# R Series in a Trainer



## 99trek5200 (Jan 26, 2007)

We had a group Computrainer ride the other night and one of the new guys has a RS or R3 (sorry, I am not that familiar with Cervelos). One of the gals at the bike shop noticed a real severe flex in the rear of the bike. It was so bad he could get the trainer to walk. It is not like the rider was an animal or anything, quite the contrary. He probably weighs in the 140-150 range and I would guess he was putting down less than 170 watts on average. Has anyone else experienced this severe flex?


----------



## goodboyr (Apr 19, 2006)

*R3 in a Cycleop Fluid*

I've been using my 58 cm R3 in the Cyleops Fluid 2 all indoor season with no issues. No excessive flex, no movement, no problems.


----------



## Travis (Oct 14, 2005)

ditto, no issues with the R3 in a cyclops for a couple of years now


----------



## California L33 (Jan 20, 2006)

170 watts shouldn't make any bike walk in a trainer. Are you sure it was properly attached?


----------



## 99trek5200 (Jan 26, 2007)

California L33 said:


> 170 watts shouldn't make any bike walk in a trainer. Are you sure it was properly attached?
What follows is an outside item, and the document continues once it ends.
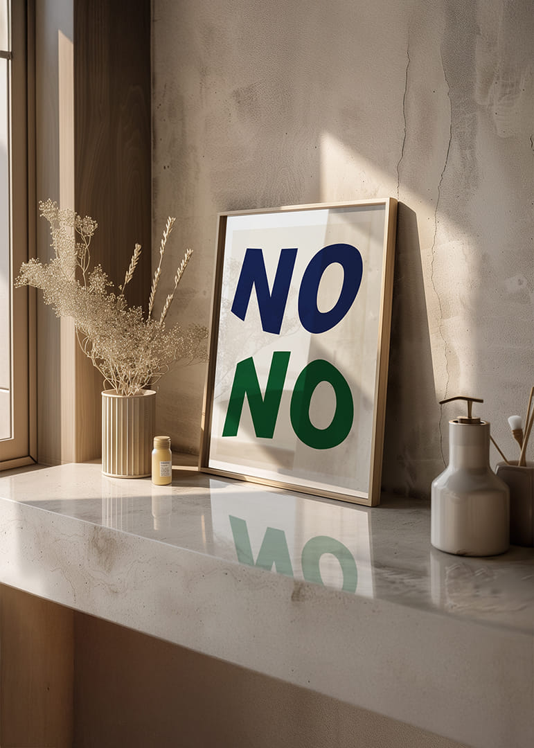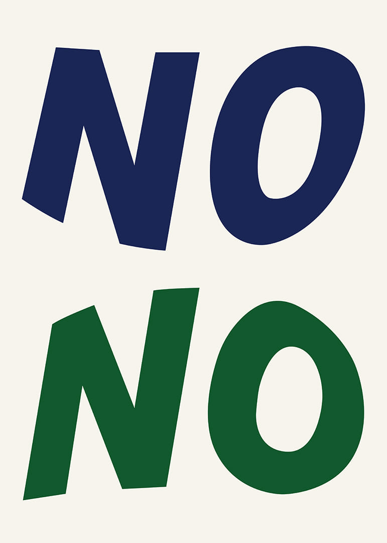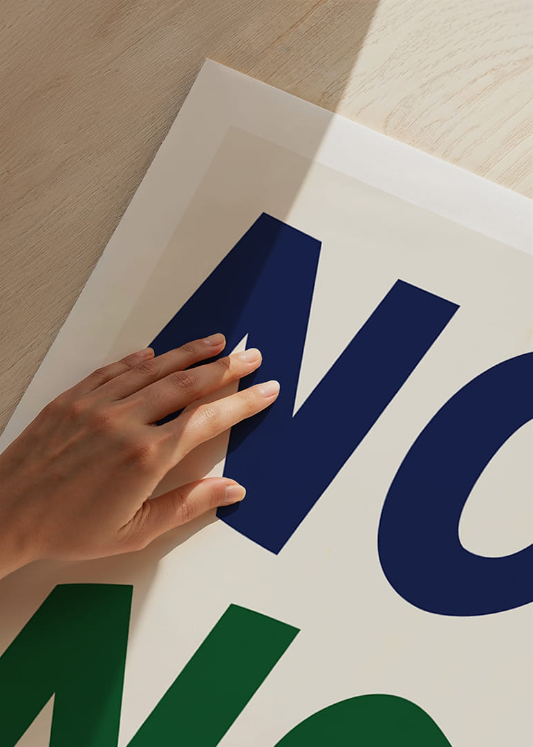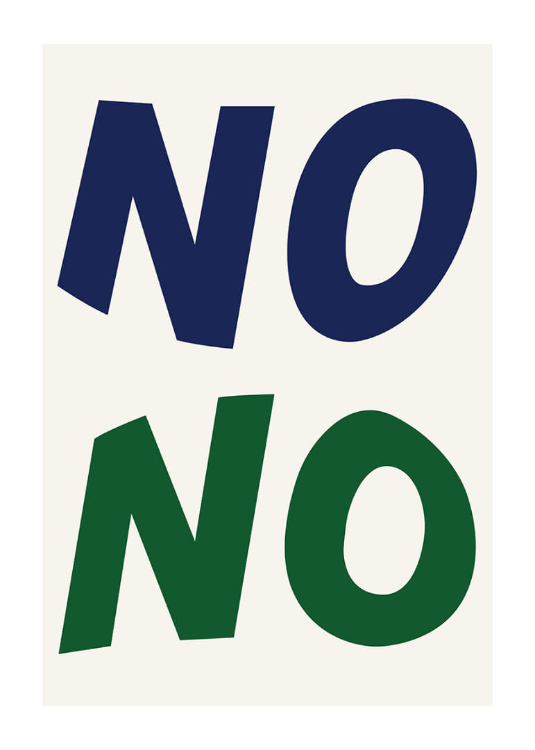 Denna poster fängslar med sina två stora 'NO' i kontrasterande färger, en med djupblått och den andra med skogsgrönt. Orden är framträdande i djärva bokstäver, vilket ger en känsla av bestämdhet och styrka. Postern har en modern, minimalistisk estetik som väcker tankar och diskussion. Dess närvaro i ett rum ger en kraftfull, stilren touch och skapar en dynamisk atmosfär.

I can't say I checked the setup, but the shop is good about making sure you have the right cheapy skewer and setting up the newbies. I was in the front row and he was in the back so I could not witness the swaying myself. The shop kept the bike to check it out, but there was nothing obviously wrong. It just seemed weird hearing from both the rider and gal how the thing was swaying.

I'm sure there were times he was putting down more than 170, and that is probably when it walked. 170 was close to his average. Point being he may have put 300 or 350 down as spike. No way was any kind of serious power sustained.


----------